I've got a tig welder. Not an expert by any means but, I wonder if, for those us that own tig welders, if they could be welded?

     If you made a control horn from music wire, you might have a chance. Doing stuff that tight takes a steady hand and a good machine. Jigged up nice and steady, use some MIG wire for filler metal. You would anneal the music wire but could be re-heat treated I think, and then there is the distortion while cooling as mentioned. 1/8" music wire is tough to tweak the flaps on if you need to. That is why the use of drill rod came to be. Un-hardeded, it is pretty tough but still a bit malleable. If you welded the drill rod, you either have to let it cool super slow, or anneal it later. And you would also have some distortion to deal with also. The key with either is not undercutting the wire.

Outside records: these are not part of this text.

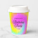 This elegant birthday paper cup features a tie die rainbow in pastel colours.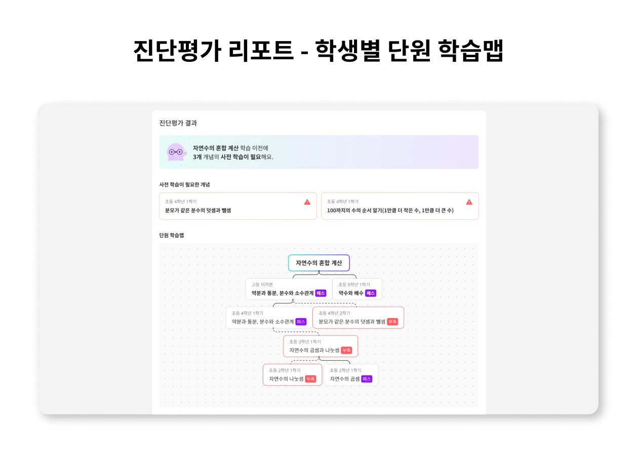 "예를 들어, (리포트상) 구성원의 39%에게 특정 단원 사전학습이 필요하다는 결과를 보면, 해당 단원에 대한 복습이나 동영상 강의 시청과 같은 과제를 단원 학습 중에 추가하여 학습 결손 예방에 도움을 얻을 수 있습니다."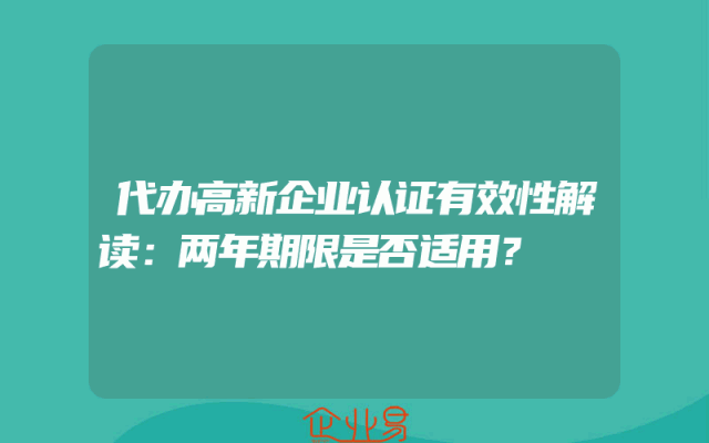 - 代办高新企业认证有效性解读:两年期限是否适用?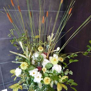 おはようございます。 いつもの歯医者さんのアレンジメントです🎵 グリーンと白がメインで、シックな感じです🎵

    In my prime, it would be no problem. We had a TIG welder at the printing company that I worked at for 20 years and performed many 'government projects for myself and others. All we had when I hired in was an old Lincoln 225 cracker box stick welder. I finally convinced the management that there was enough stuff on a printing press and bindery equipment that I could repair to make it worth having a stick and TIG machine. I picked a Miller square wave 185 and with some rod and other goodies it was only about 1900 bucks all in. It amazed me how much smaller and less expensive equipment had got since I graduated from welding school. I installed a new 220VAC single phase primary line for it when it arrived and then set to work repairing some aluminum castings for some air powered banding tools, and fixed up enough to build up two from parts that night and put them in service, and paid for the machine the first time I used it.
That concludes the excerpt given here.